(Reuters) – President-elect Donald Trump’s nominee for U.S. Treasury Secretary Scott Bessent will prioritize delivering on election tax cut promises, he told the Wall Street Journal in a statement interview published on Sunday.
Bessent told the WSJ that the tax cuts would include making Trump’s first-term tax cuts permanent, and eliminating taxes on tips, Social Security benefits and overtime.
Bessent would also focus on imposing tariffs, cutting spending and preserving the dollar’s status as the world’s reserve currency, he told the newspaper in the interview.
Bessent, who was a donor, economic advisor and TV booster for Trump, was nominated by Trump on Friday as US Treasury Secretary.

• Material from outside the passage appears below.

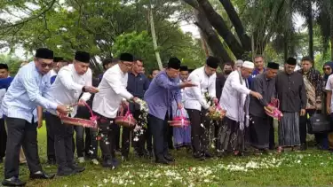 "Tempat ini dulu saya bersama almarhumah istri tercinta dan Menteri Agama (almarhum) melihat jenazah para syuhada (korban tsunami Aceh)," kata SBY di kuburan massal Siron di Kecamatan Ingin Jaya, Aceh Besar, Senin (25/12/2023).

Bessent has spent his career in finance, working for macro-investment billionaire George Soros and noted short-seller Jim Chanos, and has advocated for tax reform and deregulation, particularly to boost bank lending and energy production, as noted in a recent op-ed he wrote for. The Wall Street Journal.
As US Treasury Secretary, Bessent will essentially be the top US economic official, responsible for maintaining the world’s largest economy, from collecting taxes and paying the country’s bills to managing the $28.6 trillion government bond market and oversight of financial regulation.
The Treasury Department boss also implements U.S. financial sanctions policy, influences the U.S.-led International Monetary Fund, the World Bank and other international financial institutions, and manages national security investigations of foreign investments in the United States.